/polars-candle

A text embedding extension for the Polars Dataframe library.

Primary LanguagePython

polars-candle

A polars extension for running candle ML models on polars DataFrames.

Example

Pull any applicable model from Huggingface, such as the recently released Snowflake model, and embed text using a simple API.

import polars as pl
import polars_candle  # ignore: F401

df = pl.DataFrame({"s": ["This is a sentence", "This is another sentence"]})

embed_kwargs = {
    "model_repo": "Snowflake/snowflake-arctic-embed-xs",
    "pooling": "mean", 
}

df = df.with_columns(
    pl.col("s").candle.embed_text(**embed_kwargs).alias("s_embedding")
)
print(df)
# ┌──────────────────────────┬───────────────────────────────────┐
# │ s                        ┆ s_embedding                       │
# │ ---                      ┆ ---                               │
# │ str                      ┆ array[f32, 384]                   │
# ╞══════════════════════════╪═══════════════════════════════════╡
# │ This is a sentence       ┆ [-0.056457, 0.559411, … -0.20403… │
# │ This is another sentence ┆ [-0.117206, 0.336827, … 0.174078… │
# └──────────────────────────┴───────────────────────────────────┘

Currently, Bert, JinaBert, and Distilbert models are supported. More models will be added in the future. Check my other repository wdoppenberg/glowrs to learn more about the underlying implementation for sentence embedding.

Installation

Make sure you have polars installed. If not, install it using pip install polars. Then, install polars-candle using

pip install polars-candle

Note: The macOS ARM wheels of this library come with Metal support out of the box. For CUDA, check the below instructions on how to build from source.
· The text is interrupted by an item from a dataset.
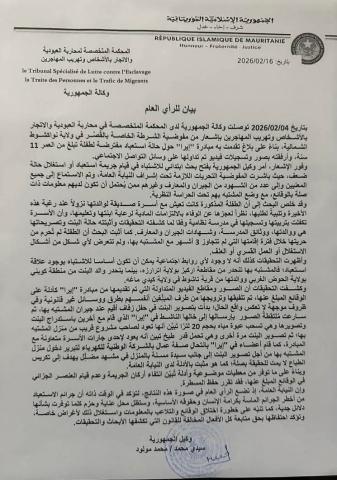 قررت النيابة العامة لدى المحكمة المتخصصة في محاربة العبودية والاتجار بالأشخاص حفظ المسطرة المتعلقة ببلاغ قدمته مبادرة "إيرا" حول حالة استعباد مفترضة لطفلة (11 سنة) بنواكشوط الشمالية، وذلك لانتفاء أ

If you want to install the latest version from the repository, you can use:

pip install git+https://github.com/wdoppenberg/polars-candle.git

Note: You need to have the Rust toolchain installed on your system to compile the library. See here for instructions on how to install Rust.

You can set build features using maturin:

maturin develop --release -F <feature>

Where <feature> can be one of the following:

  • metal Install with Metal acceleration.
  • cuda Install with CUDA acceleration. Might require additional setup such as installing CUDA libraries.
  • accelerate Install with the Accelerate framework.

Roadmap

  • Embed text using Bert, JinaBert, and Distilbert models.
  • Add more models.
  • More configuration options for embedding (e.g. pooling strategy, device selection, etc.).
  • Support & test streaming workloads.

Credits

  • Massive thanks to polars & their contributors for providing a blazing fast DataFrame library with the ability to extend it with custom functions using pyo3-polars.
  • Great work so far by Huggingface on candle for providing a simple interface to run ML models.

Note

This is a work in progress and the API might change in the future. Feel free to open an issue if you have any suggestions or improvements.